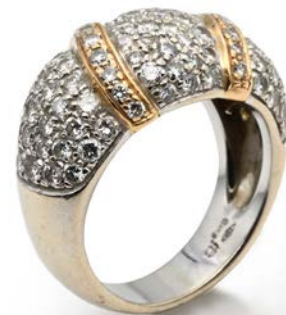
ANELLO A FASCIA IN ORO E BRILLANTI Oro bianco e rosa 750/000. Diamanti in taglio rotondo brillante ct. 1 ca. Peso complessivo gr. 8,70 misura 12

——————————

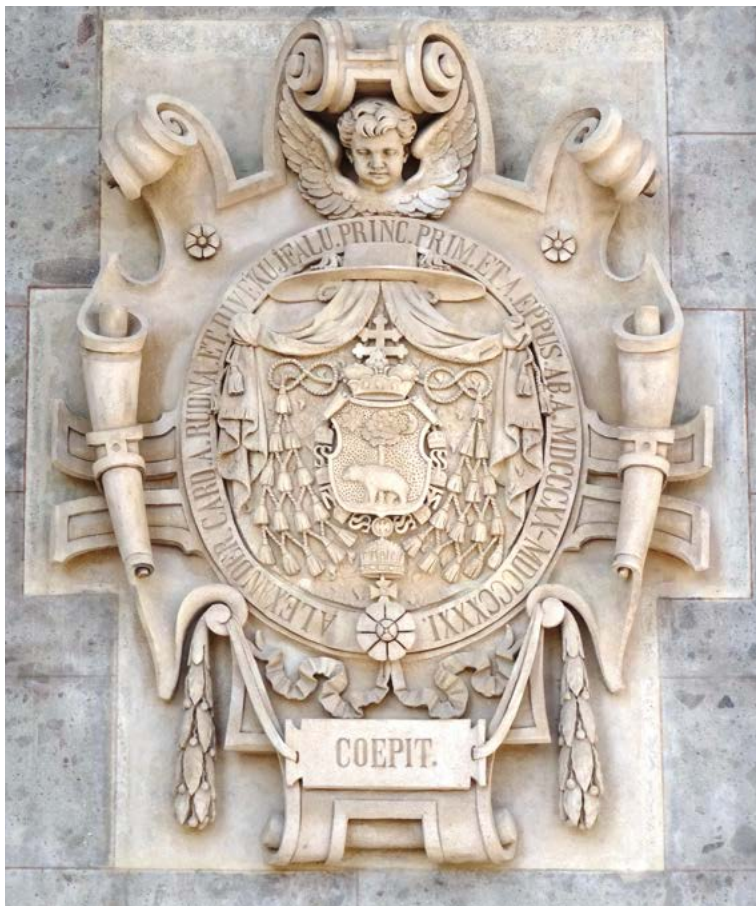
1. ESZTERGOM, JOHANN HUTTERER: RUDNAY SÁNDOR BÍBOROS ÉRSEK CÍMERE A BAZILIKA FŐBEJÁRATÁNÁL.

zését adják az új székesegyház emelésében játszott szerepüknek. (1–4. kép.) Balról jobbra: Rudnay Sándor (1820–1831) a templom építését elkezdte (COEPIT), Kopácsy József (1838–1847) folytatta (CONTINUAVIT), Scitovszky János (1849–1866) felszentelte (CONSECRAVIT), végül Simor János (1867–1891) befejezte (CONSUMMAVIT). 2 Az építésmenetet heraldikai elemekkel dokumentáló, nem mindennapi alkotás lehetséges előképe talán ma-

——————————

Task.
Search the listing above for the lines with "1. ESZTERGOM, JOHANN" and "zését adják az", then output those lines and all lines between them exactly.

Expected answer.
1. ESZTERGOM, JOHANN HUTTERER: RUDNAY SÁNDOR BÍBOROS ÉRSEK CÍMERE A BAZILIKA FŐBEJÁRATÁNÁL.

zését adják az új székesegyház emelésében játszott szerepüknek. (1–4. kép.) Balról jobbra: Rudnay Sándor (1820–1831) a templom építését elkezdte (COEPIT), Kopácsy József (1838–1847) folytatta (CONTINUAVIT), Scitovszky János (1849–1866) felszentelte (CONSECRAVIT), végül Simor János (1867–1891) befejezte (CONSUMMAVIT). 2 Az építésmenetet heraldikai elemekkel dokumentáló, nem mindennapi alkotás lehetséges előképe talán ma-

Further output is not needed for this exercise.